Network sniffing, or packet sniffing, is a technique used by investigators to capture data packets being transferred over a network. These packets are then logged and analyzed. The tools used for such purposes are known as network sniffers or, simply, sniffers. Sniffers intercept data packets and, depending on their capabilities, can pry these packets open to reveal raw data carried inside. In theory, one could monitor a network's complete traffic using sniffing tools.

EXAMPLE:

    

One of the most popular network sniffers is Wireshark. It is available for free and developers have even made its soruce code available. Wireshark does it all: capturing packets, logging traffic, and individual packet analysis.

DATA MINING:

DEFINITION:

    

Using forensic techniques on unusally large data sets to find meaningful patternsn.

    
OVERVIEW:

    

Companies, big and small, are starting to move towards digitizing their operations. This means that the volume of data they hold is increasing rapdly. And, as data volume increases, so does the complexityy of its analysis. Data mining refers to the manipulation of large amounts of data to extract useful information out of it.

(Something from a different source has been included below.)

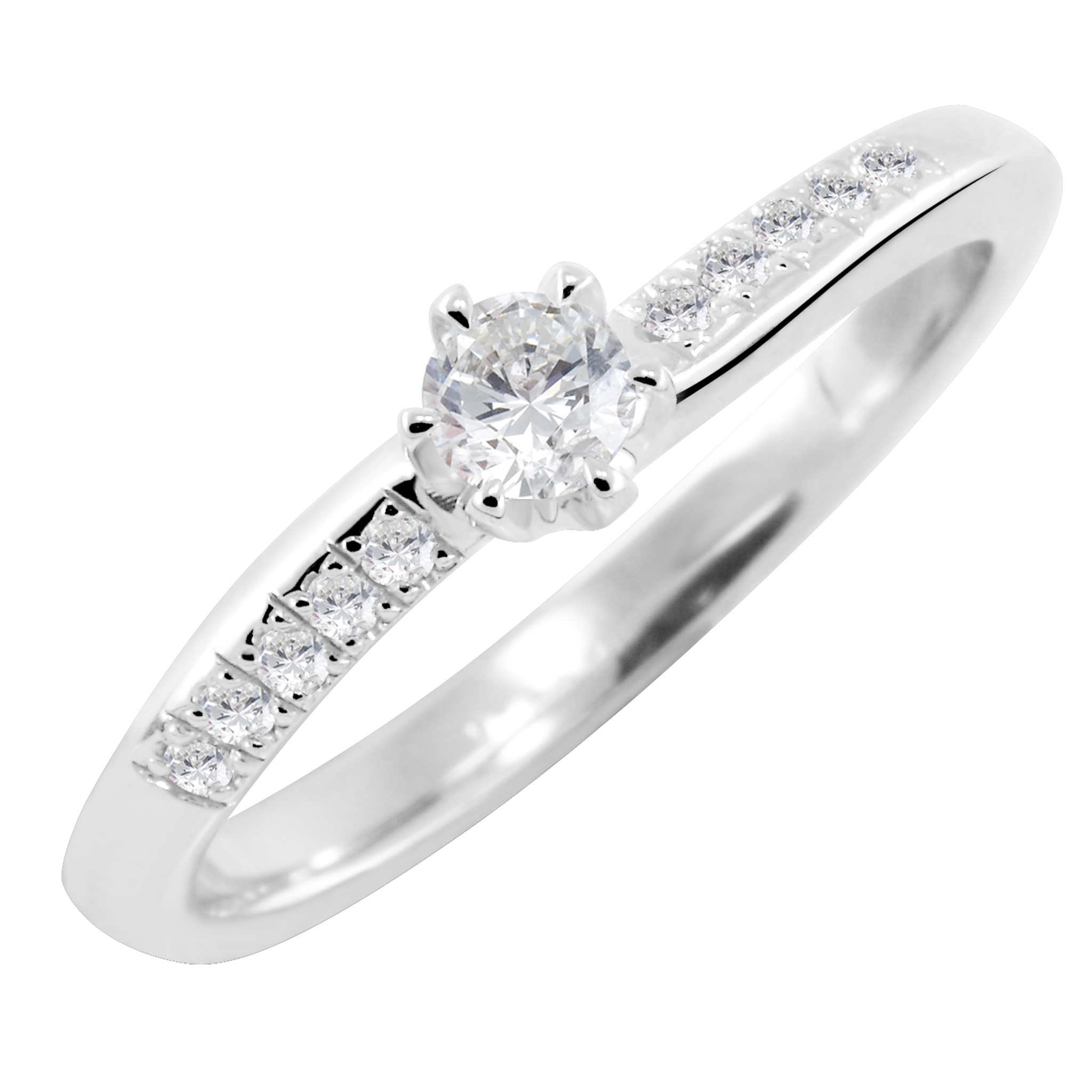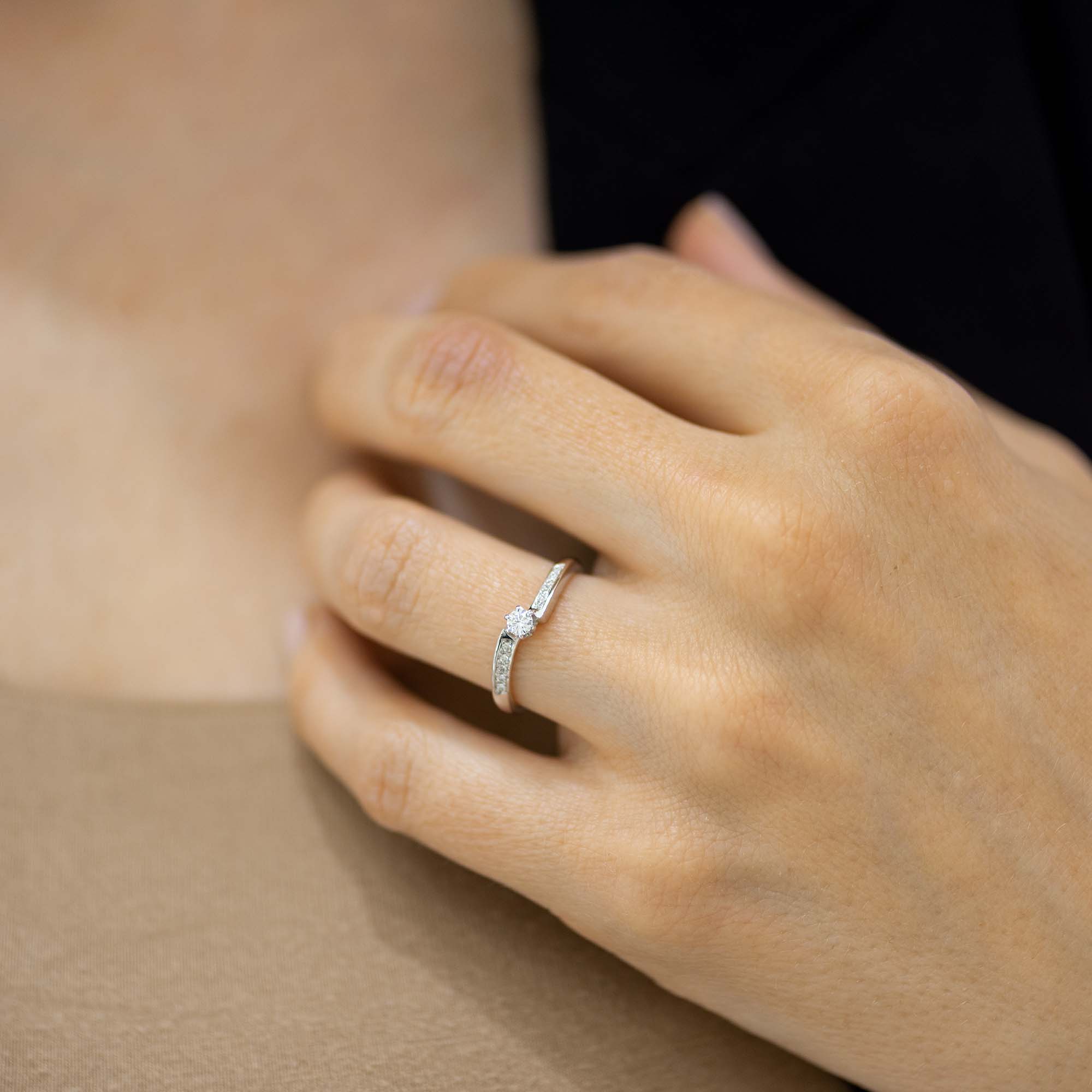 Verenički prsten koji će učiniti da njena kompeltna pojava bude zadivljujuća. Od vereničkog prstena traži se blistavost, a ova prsten je nudi u velikoj količini. Zaslužni za to su dijamanti. Ukupno ih je 11. Jedan veći, sa čije obe strane se pruža po red manjih. Prsten koji je predodređen da bude kruna pozitivnog odgovora.

While it is largely used for recognizing business trends, data mining has also found its way into computer forensics.

    
EXAMPLE:

    

It can be used as a time saving mechanism.

EVIDENCE VISUALIZATION:

DEFINITION:

    

Visualizing forensic evidence in order to recognize valuable patterns during investigation.

    
OVERVIEW:

    

An extension of timeline analysis, evidence visualization attempts to represent evidence in a visual format. As image are more intuitive than text, evidence visualization can greatly speed up the investigative process, in addition to identifying new, pertinent patterns. This is tangentially related to data mining, as it also works best when the amount of evidence is too large for regular forensic analysis.

    
EXAMPLE:
    
    Digital forensics tools like EnCase are used to gather forensic evidence and this evidence is then fed to a pattern recognition engine (example: SKLearn for python) Finally, the results from the engine are passed on to a visualization or graph plotting library, which presents a visual representation of the evidence.